For any HN'ers based in London the British Library in St Pancras is a fantastic resource, and their Business and IP Centre ( http://www.bl.uk/bipc/ ) has an easy signup for a Readers Pass for entrepreneurs.
Great, but why should the British Library, a non-profit charity and UK taxpayer assisted institution put these images on the servers of a US based for-profit company?
There are a lot of talented Brits in the Bay Area, but there are also many great UK based programmers and companies in the UK who could have developed a home-grown solution. This is embarrassing on many levels.
This is a great initiative but as long as these images aren't reasonably tagged they'll remain undiscovered.
Suggestion: 3D scan and release as open source 3d models of everything in the British Museum as well.

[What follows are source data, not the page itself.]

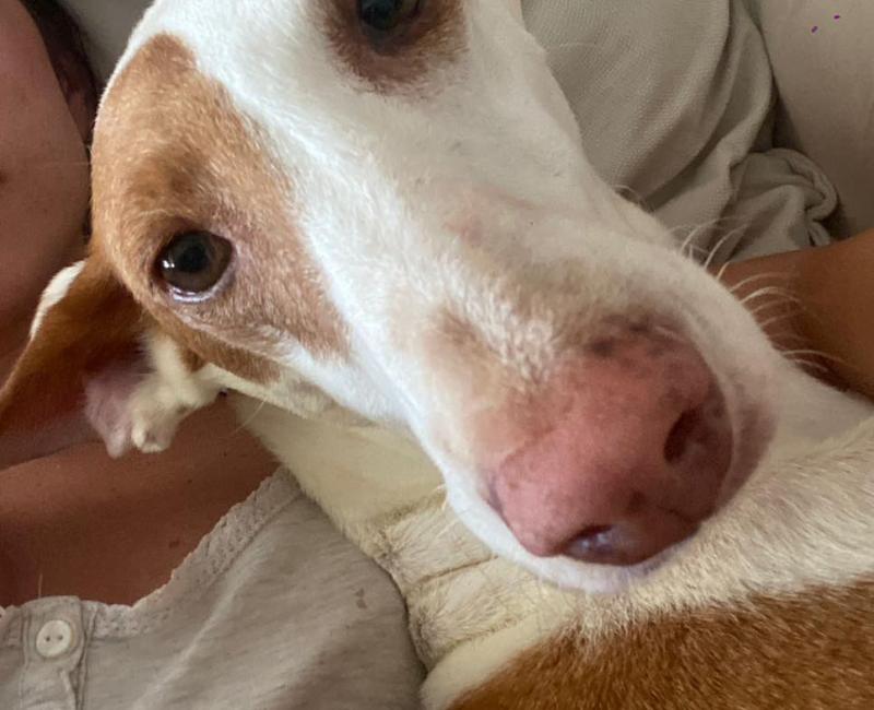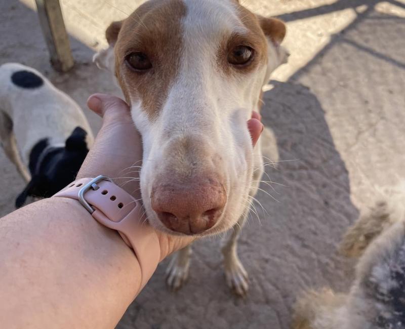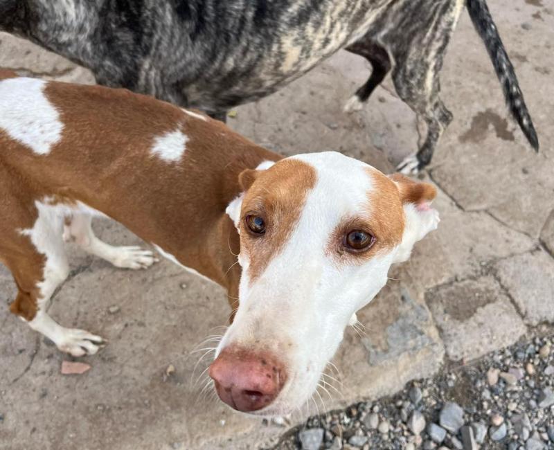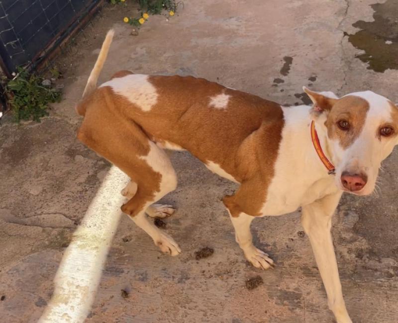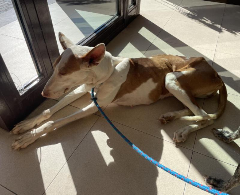 Recibíamos el aviso de un vecino: desde muy temprano había una podenca en el descampado cercano, tratando de meterse en todos los invernaderos. Imaginamos que buscando comida. Pero no todos los vecinos son amigables y amantes de los animales, así que realmente temíamos por su seguridad.
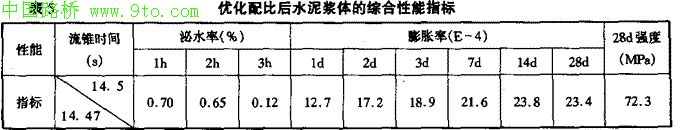 通过上述两大系列试验,我们确定灌浆用水泥浆体的优化组合配比为:JM-Ⅲ掺量8%、水胶比0.35,其综合性能如表5。
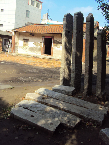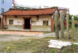 古厝目前已嚴重破敗不堪維護,大埕中樹立的旗竿座也已東倒西歪, 教人看了真不免要欷噓.......

This is wonderful. 17th/18th/19th century images notwithstanding, some of these are quite beautiful.
It's good that they put it up on the internet, apart from just the exposure (someone sitting half a world away seeing them), but also they could be used by someone now.

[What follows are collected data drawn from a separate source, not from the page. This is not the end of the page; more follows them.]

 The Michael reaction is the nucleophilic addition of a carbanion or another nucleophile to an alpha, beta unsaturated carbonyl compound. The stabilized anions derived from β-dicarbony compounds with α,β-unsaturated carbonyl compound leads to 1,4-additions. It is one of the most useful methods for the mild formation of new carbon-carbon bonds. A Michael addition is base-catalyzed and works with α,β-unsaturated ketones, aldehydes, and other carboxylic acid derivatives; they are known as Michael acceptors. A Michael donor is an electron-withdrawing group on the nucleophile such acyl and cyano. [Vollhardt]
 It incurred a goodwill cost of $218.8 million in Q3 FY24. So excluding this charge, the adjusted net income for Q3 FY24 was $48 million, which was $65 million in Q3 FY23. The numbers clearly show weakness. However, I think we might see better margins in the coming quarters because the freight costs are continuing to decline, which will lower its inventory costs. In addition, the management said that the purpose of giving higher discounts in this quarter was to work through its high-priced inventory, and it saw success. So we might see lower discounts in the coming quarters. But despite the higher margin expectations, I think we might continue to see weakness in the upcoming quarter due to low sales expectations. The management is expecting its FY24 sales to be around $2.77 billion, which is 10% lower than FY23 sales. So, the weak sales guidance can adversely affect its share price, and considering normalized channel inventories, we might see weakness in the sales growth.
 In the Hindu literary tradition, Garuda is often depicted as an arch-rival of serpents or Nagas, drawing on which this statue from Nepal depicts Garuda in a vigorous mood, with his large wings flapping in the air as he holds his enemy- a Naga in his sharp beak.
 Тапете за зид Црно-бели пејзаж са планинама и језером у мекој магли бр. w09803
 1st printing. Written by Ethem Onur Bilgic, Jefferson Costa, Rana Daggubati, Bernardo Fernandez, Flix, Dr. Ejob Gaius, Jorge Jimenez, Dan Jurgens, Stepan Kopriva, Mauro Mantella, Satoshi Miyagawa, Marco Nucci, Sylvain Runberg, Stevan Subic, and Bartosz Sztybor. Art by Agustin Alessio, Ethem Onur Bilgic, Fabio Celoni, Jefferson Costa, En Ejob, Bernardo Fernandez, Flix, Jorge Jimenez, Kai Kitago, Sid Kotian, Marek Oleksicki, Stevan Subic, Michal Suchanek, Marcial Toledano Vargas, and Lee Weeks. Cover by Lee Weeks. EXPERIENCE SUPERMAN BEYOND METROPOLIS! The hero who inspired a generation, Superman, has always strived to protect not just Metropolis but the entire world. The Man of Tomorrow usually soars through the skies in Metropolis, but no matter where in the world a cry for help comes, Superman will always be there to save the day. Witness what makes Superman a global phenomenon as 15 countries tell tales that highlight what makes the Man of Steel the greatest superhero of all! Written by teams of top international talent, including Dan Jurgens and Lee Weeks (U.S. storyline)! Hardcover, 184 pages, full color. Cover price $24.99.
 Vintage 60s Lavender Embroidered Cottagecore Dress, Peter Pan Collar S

How do you filter a search in flickr to only search this library?
How big is the entire collection?
This is fantastic, but I do have one small quibble.
The images were already in the public domain. Merely scanning a public-domain image is not a sufficiently transformative process to create a new work protected by copyright.However, Microsoft was under no obligation to share the scanned images publicly, and it was generous of them to do so. But this is different to dedicating a work protected by copyright to tbe public domain, e.g. using the CC0 dedication [0]. To gift a work to the public domain, you must first hold the copyright of that work.
The distinction may seem pedantic to some, but it seems important to me.